Task to carry out:
Starting at the line that contains "Bình đựng trà", transcribe each line exactly through the end of the data below, and skip any pictures.

Stored data:
------------------------------

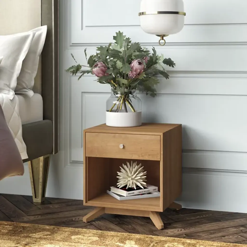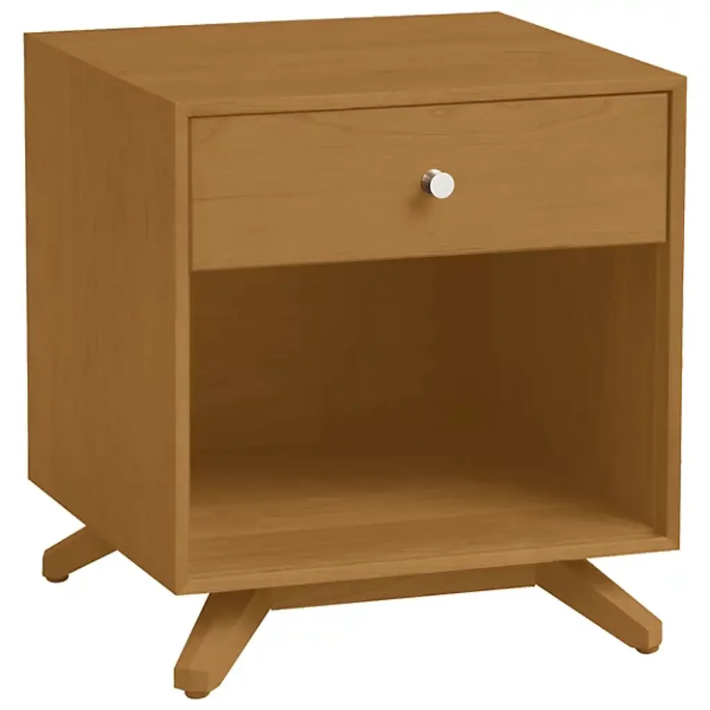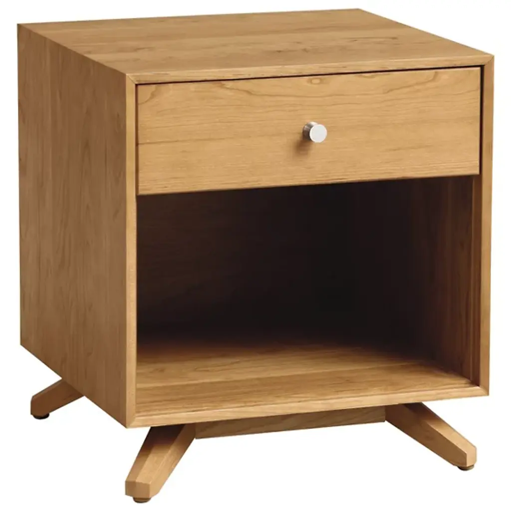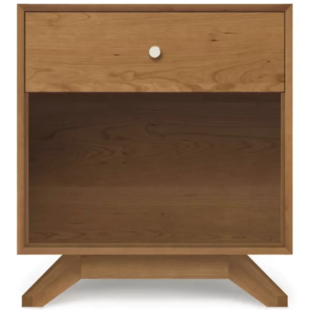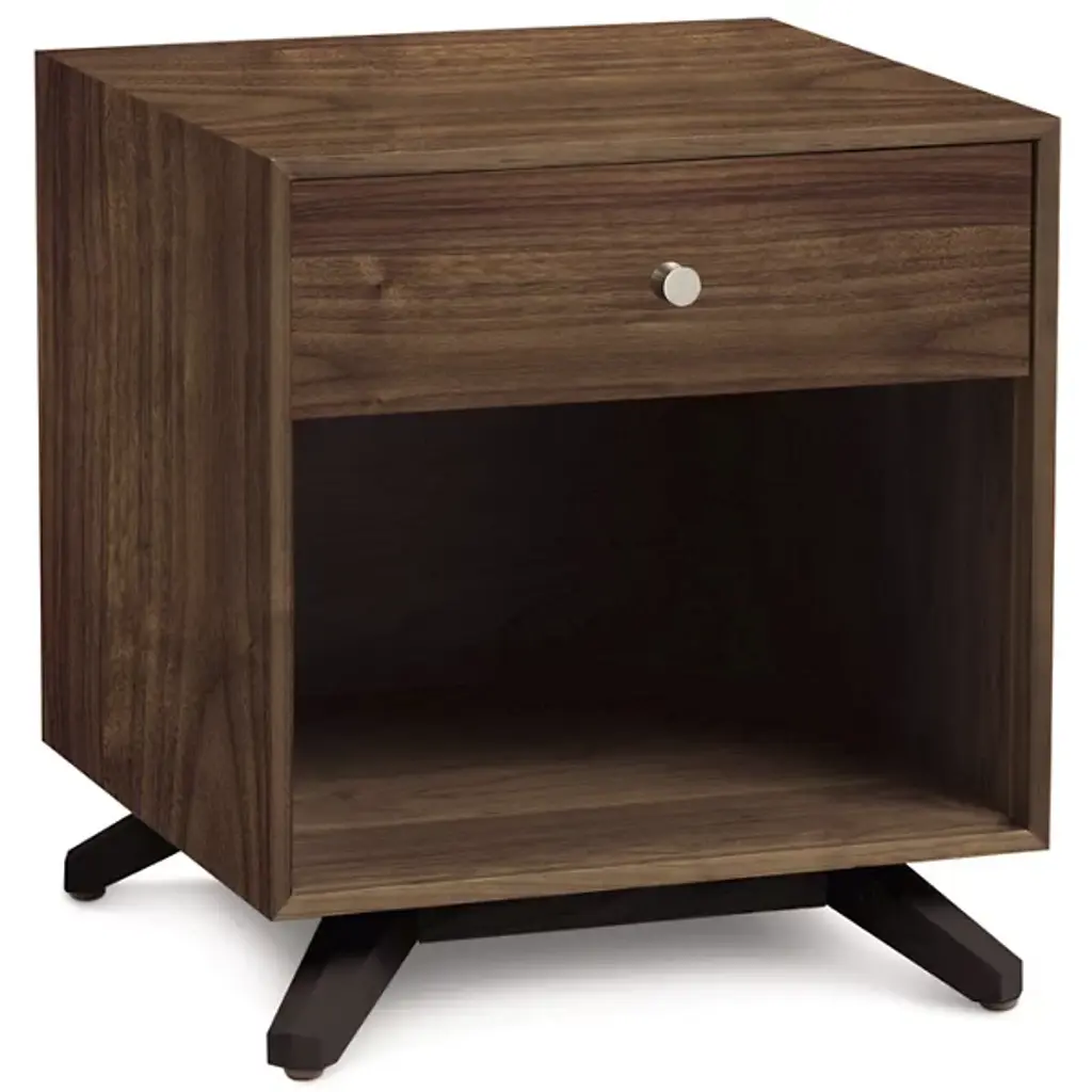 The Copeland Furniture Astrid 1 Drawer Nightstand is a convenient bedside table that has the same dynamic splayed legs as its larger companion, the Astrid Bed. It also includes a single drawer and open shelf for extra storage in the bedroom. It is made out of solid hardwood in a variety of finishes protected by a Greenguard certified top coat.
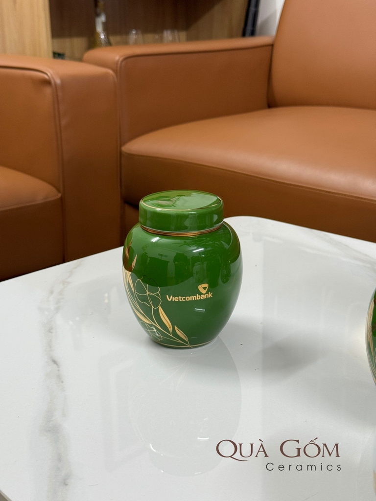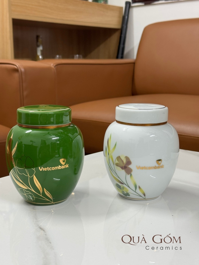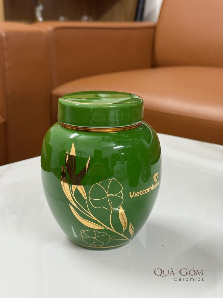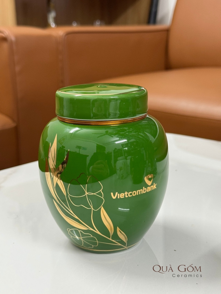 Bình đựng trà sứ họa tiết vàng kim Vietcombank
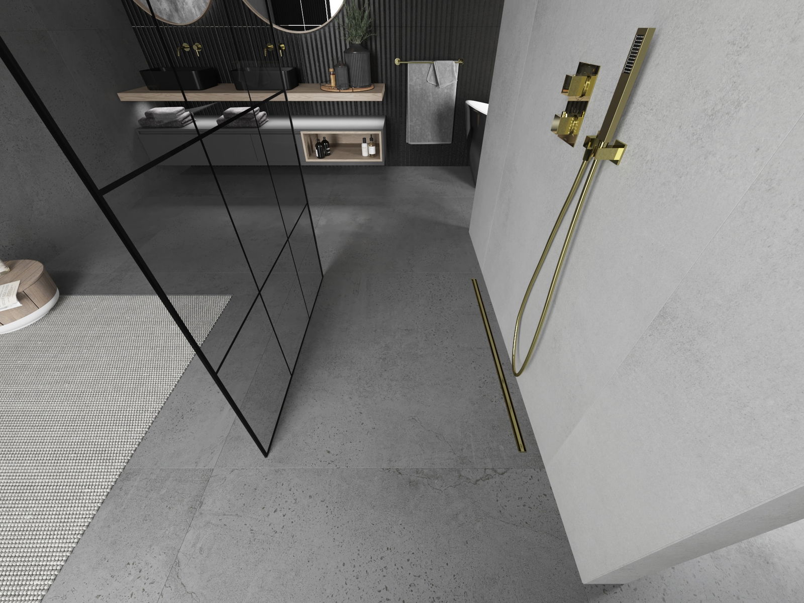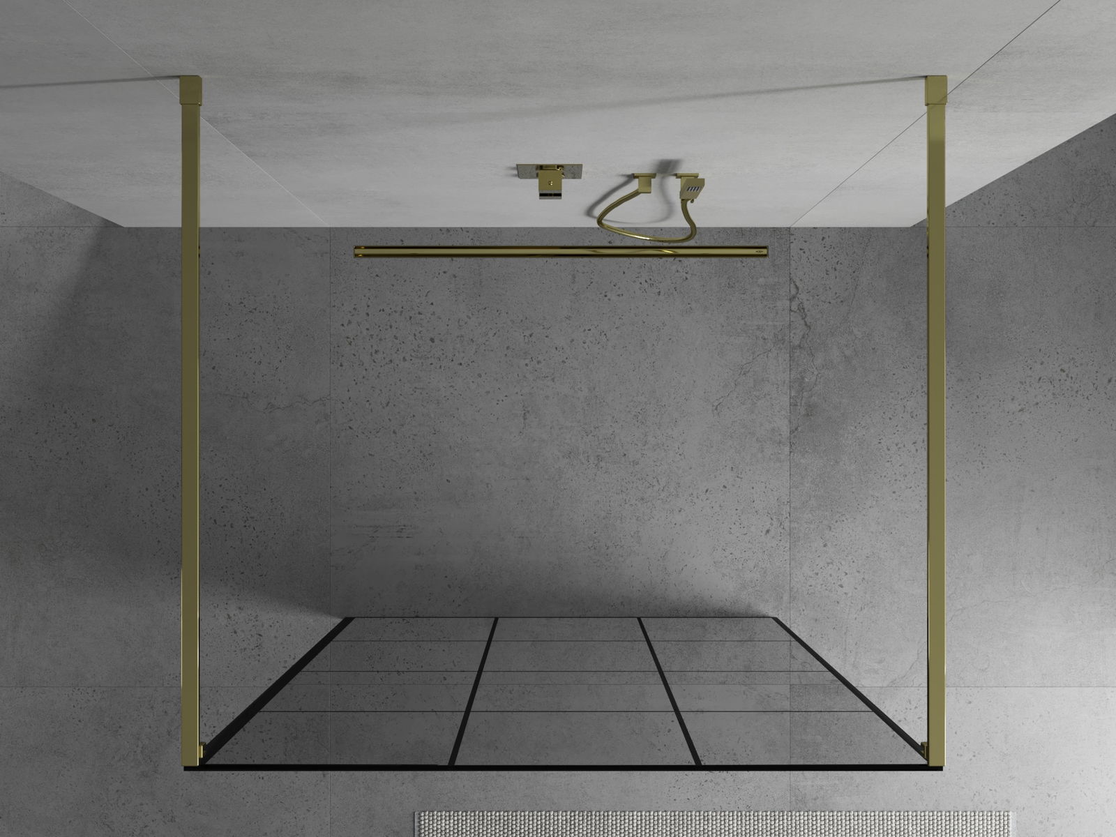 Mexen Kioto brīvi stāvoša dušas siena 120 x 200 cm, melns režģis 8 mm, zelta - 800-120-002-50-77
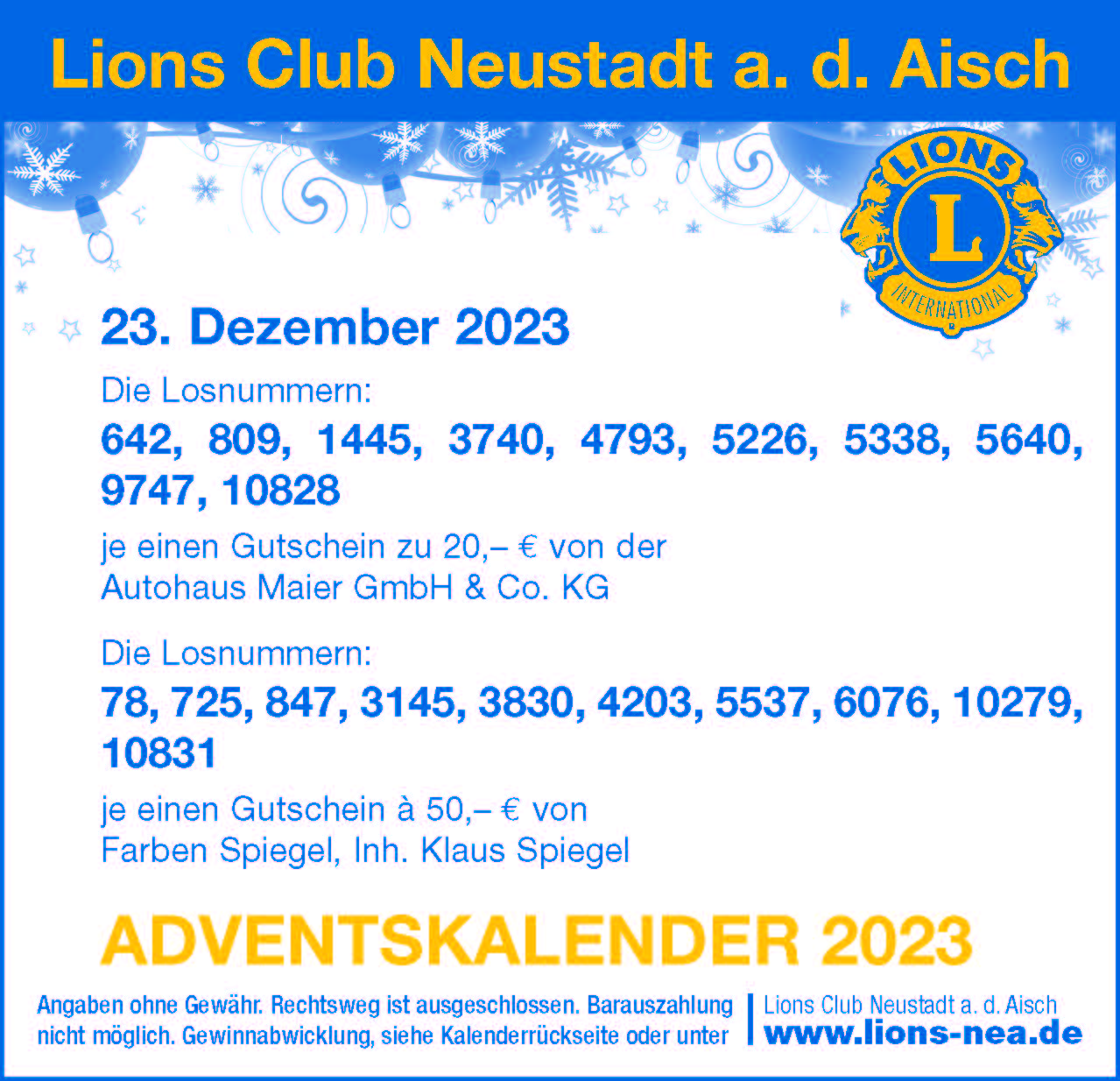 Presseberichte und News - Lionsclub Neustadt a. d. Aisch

------------------------------

Your response:
 Bình đựng trà sứ họa tiết vàng kim Vietcombank
 Mexen Kioto brīvi stāvoša dušas siena 120 x 200 cm, melns režģis 8 mm, zelta - 800-120-002-50-77
 Presseberichte und News - Lionsclub Neustadt a. d. Aisch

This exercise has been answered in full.